1. Balance rule: Bitcoin transactions consume and create outputs. Outputs are indivisible units; we can spend each output in one transaction only. Consequently, we must spend coins received from one output in a single transaction. Any amount that we do not send to an output address is considered a transaction fee, and the miner collects the change as the transaction fee. To spend a portion of the coins in output and keep the change, we must create a new address and send the remaining balance to this new address. Another option is to use our existing address as one of the output addresses and redirect the balance (as done in edge e ₂ in Figure 5). As a community practice, reuse of the spender's address (i.e., address reuse) is discouraged. As a result, most address nodes appear in the graph two times: first when they receive coins and second when they spend them.

2. Source rule: We can merge input coins from multiple transactions and spend them in a single transaction (e.g., the address a ₁₀ receives coins from t ₃ and t ₄ to spent in t ₅ and t ₆ in Figure 5). However, a ₁₀ could have spent all its coins in a single transaction as well.

3. Mapping rule: In a transaction the input–output address mappings are not explicitly recorded. For instance, consider the transaction t ₂ in Figure 5. The output to address a ₆ may come from either a ₃ or a ₄. We can make an analogy with lakes where in‐flowing rivers (inputs) bring water (coins) to the lake (transaction), and outgoing emissaries (outputs) take the water (coin) out.

FIGURE 5.

A blockchain network with six transactions and 12 addresses. Addresses a ₁, a ₂, a ₃, a ₄ receive coins from earlier transactions that are not shown here. Transaction t ₅ uses a previously used address a ₁ in edge e ₁. Edge e ₂ denotes an address reuse where the change is sent back to the sender address a ₁₀. Dashed edge e ₃ cannot be created with the given transactions, because a ₅ receives only a single output in t ₁. In this network, outputs of t ₅ (to addresses a ₁ and a ₁₁) and t ₆ (to addresses a ₁₂ and a ₁₀) remain unspent

Besides the three rules, in our research, we have encountered the following Bitcoin spending practices:

• A transaction may list the same address in multiple outputs. We have encountered transactions where all outputs have the same address. As the address must be recorded more than once, this (spam) practice unnecessarily increases the transaction size.

• In time, an address may receive outputs from multiple transactions. Typically, an address collects all outputs and spends them at once. In rare cases, an address can receive outputs again after it has spent its coins. For example, edge e ₁ in Figure 5 brings an output to a ₁ after a ₁ has spent its coins in t ₁.

• Address reuse, as shown in e ₂, is widespread. Although the community frowns upon address reuse, users are still reluctant to create a new address for change. Hierarchically deterministic wallets facilitate automated address creation (https://en.bitcoin.it/wiki/Deterministic_wallet). However, address reuse did not abate.

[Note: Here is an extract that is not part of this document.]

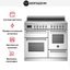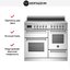 Устройства с тремя духовками также имеют один основной и две дополнительных шкафа разного объема: например, плиты Bertazzoni оснащены большой духовкой объемом 69 литров, средней объемом 54 литра и малой объемом 24 литра. Духовки располагаются в два ряда: две меньшие духовки в одном ряду, большая и ящик для посуды в другом.

• Community practice is to wait for six confirmations (blocks) after receiving a transaction output before spending it. The practice protects Bitcoin buyers against history reversion attacks. Thereby, we must spend coins of an output in a minimum of six blocks after they are received (6 × 10 = 60 min later). A day sees 144 blocks; a coin should move at most 24 times (in 24 blocks). In reality, however, once a transaction reaches the mempool, it can be considered final, and absent a double‐spending, its coins can be used in another transaction immediately, even in the same block.

• It is possible to have n ordered transactions in a single block, where 1 < x < y < n and t _y consumes the outputs generated by t _x . As a result, some coins move in the blockchain network more than 144 times a day.

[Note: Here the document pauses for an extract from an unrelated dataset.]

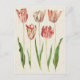 Postkarte mit einer Vintagen Abbildung von roten, rosa und weißen Tulpen aus dem Gottofer Codex, 1649-1659. Digital gereinigt und optimiert, um eine Aquarellfarbe auf einem hellen, antiken Hintergrund zu erhalten.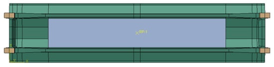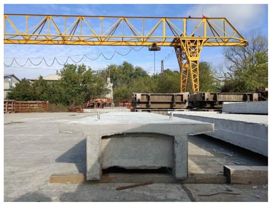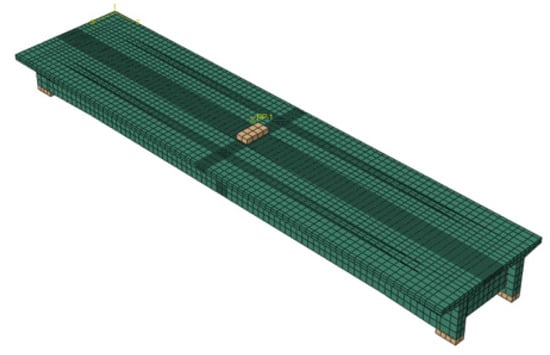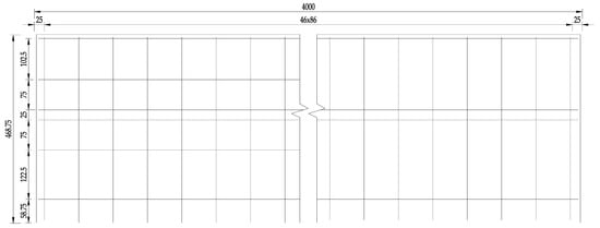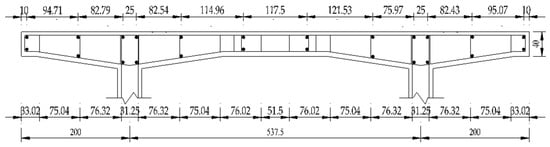 Based on the design drawings of the 16 m rib beam bridges in Standard Drawings for Highways and Bridges formulated by the Expert Committee of the Ministry of Transport of the People’s Republic of China [], the test model of the double T-beam bridge slabs was established in this paper. The model of bridge slabs and its transverse and longitudinal reinforcement are shown in Figure 1, Figure 2 and Figure 3.

In theory, Monero, Dash, and ZCash privacy coins are UTXO blockchains; their blockchain networks are similar to Bitcoin's. In practice, privacy coins employ cryptographic techniques to hide node and edge attributes in the blockchain network. For example, ZCash hides information in its shielded pool, whereas Monero adds decoy UTXOs to the input UTXO set. This section explains how to model the blockchain network when the node and edge attributes are public (as in Bitcoin).

Data scientists model Bitcoin transaction networks as address or transaction graphs. Address graph omits transactions, and the transaction graph omits addresses. Both approaches are influenced by traditional social network analysis, which employs graphs with one node type only. Additionally, one can extract chainlet substructures from the blockchain network. In the following sections, we will cover these graph models.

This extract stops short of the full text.